Tarih: 11.12.2022 15:13
Düzce’de korku ve travma aktarların yoğunluğunu artırdı
DÜZCE (İHA) – Düzce’de geçtiğimiz 23 Kasım’da meydana gelen 5,9 büyüklüğündeki depremin ardından yaşadıkları korkuyu atlatamayan vatandaşlar, aktarların yolunu tutuyor. Stres, kaygı ve korku gibi duygulardan arınmak isteyen vatandaşlar, en çok papatya, melisa, kantaron ve kardeş kanını tercih ediyor.
Depremin üzerinden 19 gün geçmesine rağmen yaşadıkları tramvayı atlatamayan bazı vatandaşlar, çareyi şifalı bitkilerde arıyor. Melisa, papatya, kantaron gibi çok bilinen bitkilerin çaylarını yaparak korku, endişe, kaygı ve travmaları yenmeye çalışan depremzedeler, ayrıca kardeş kanı olarak bilinen reçineyi de kullanarak duygularını frenlemeye çalışıyor.

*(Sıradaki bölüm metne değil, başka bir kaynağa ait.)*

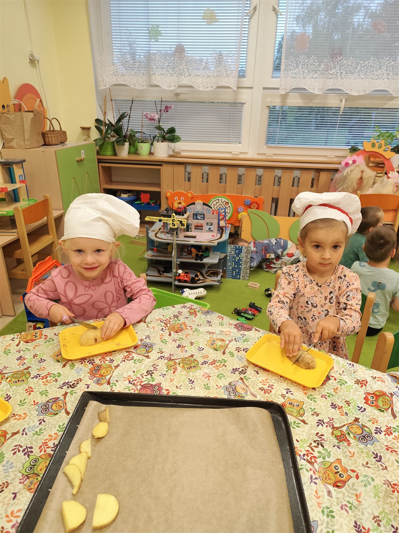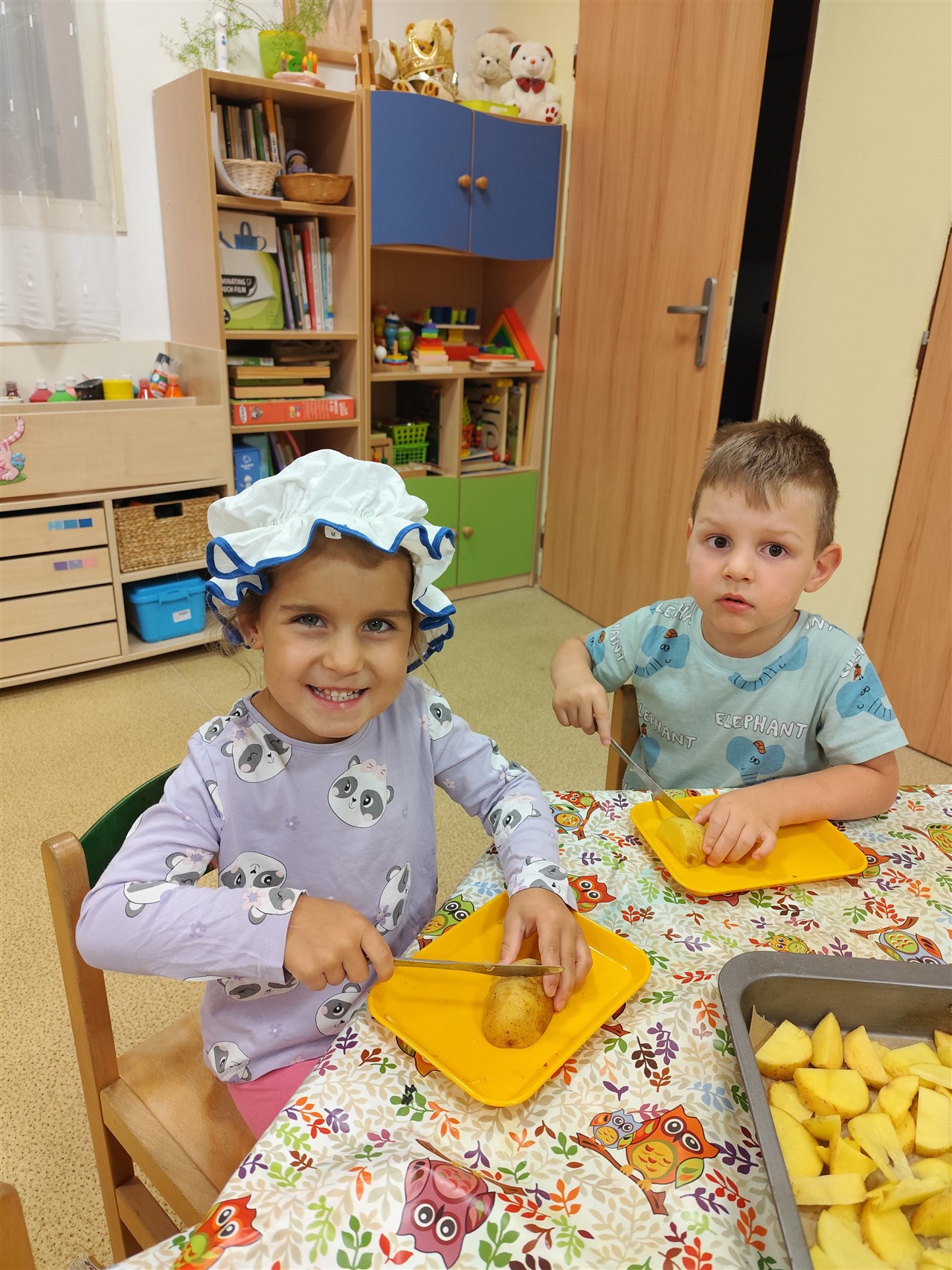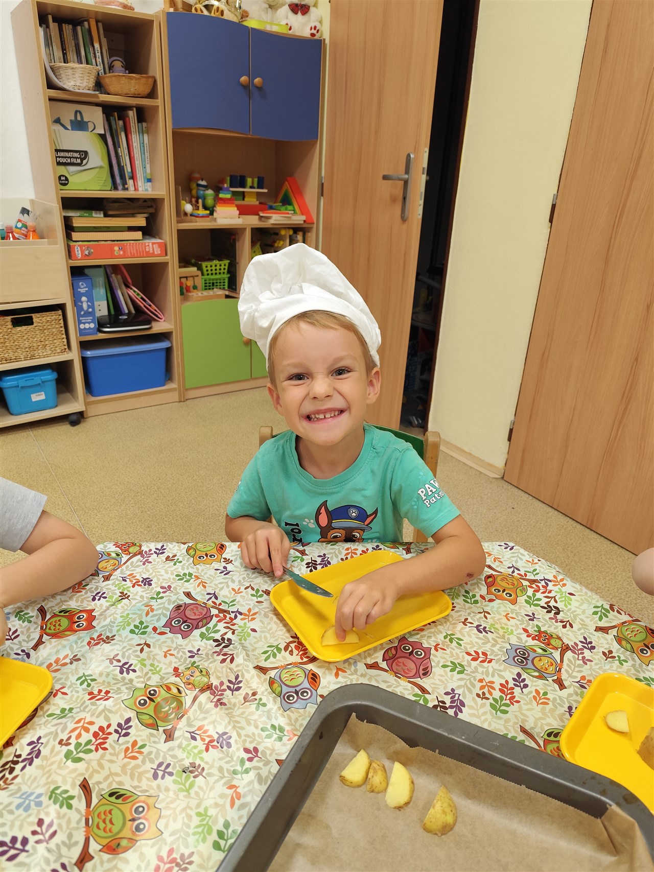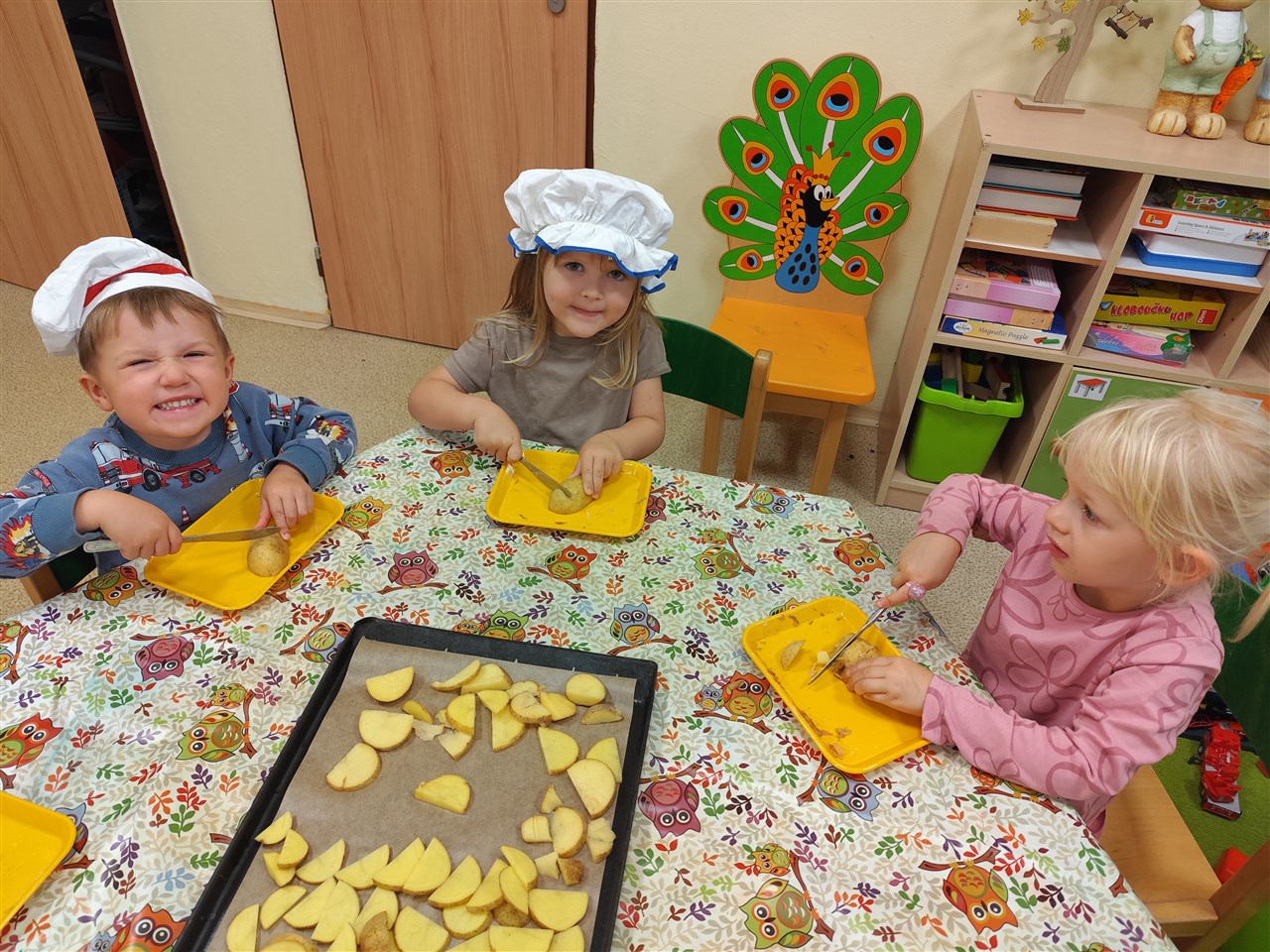 Dnes jsme se převlékli za kuchaře a udělali si školkové chipsy

"Depremden sonra talep arttı"
Aktar Eren Özdemir, "İnsanların birkaç bitki ile bu deprem stresini, sıkıntıyı, travmayı atlatabilmesi mümkün. Melisa, papatya, kantaron, kardeş kanı dediğimiz bitki ile birlikte kullanılabilecek birçok ürün var. Herkesin bünyesi farklı olduğu için her bitkinin kendi içinde vücuda verdiği etki farklı olabilir. Genellikle melisa, papatya daha çok tercih ediliyor. Bu da geceleri uyuyamamak, sinir, sıkıntı ve korkunun daha çok üst safhada olması, panik atağın yüksek seviyede olmasından kaynaklanıyor. Aynı zamanda kardeş kanı dediğimiz bir bitki var. Bu bitki, korkuya yönelik daha etkili olması sebebiyle tercih ediliyor. Bu bitkiler sürekli sattığımız ürünler ama depremden sonra bu ürünlere talep daha da arttı" dedi.
Uykusuzluk ve panik atak gibi sıkıntılar için melisa, papatya ve kantaron bitkilerinin sıkça tercih edildiğini vurgulayan Özdemir, "Bunların yanı sıra kardeş kanı dediğimiz bir bitki var. Bu bitki de korkuya iyi geldiği için tercih ediliyor. Bu bir reçinedir. Bunu bir bardak suda demleyerek ya da kaynatarak ya da soğuk suda içilebiliyor. Çocuklardan yaşlılara kadar herkes kullanabiliyor. Zararı yoktur" diye konuştu.
"Gece yatmadan önce ya da kahvaltıdan sonra içilmesini tavsiye ediyoruz"
Bitki çaylarının akşam yatmadan önce tüketilmesi gerektiği tavsiyesinde bulunan Özdemir, "İnsanların ruh haline baktığımızda gece daha çok sinir, stres, sıkıntı, korku hali görülüyor. Yatmaya yakın, yatmadan 1 saat ya da 2 saat önce içilmesini, etkiler devam ediyorsa kahvaltıdan sonra da içilmesini tavsiye ediyoruz. Bu sayede insan vücudu dinlenmiş olduğu için uykusunu rahat alabildiğinden ertesi güne kaygıları, travmaları hafiflemiş olarak başlayacaklardır" dedi.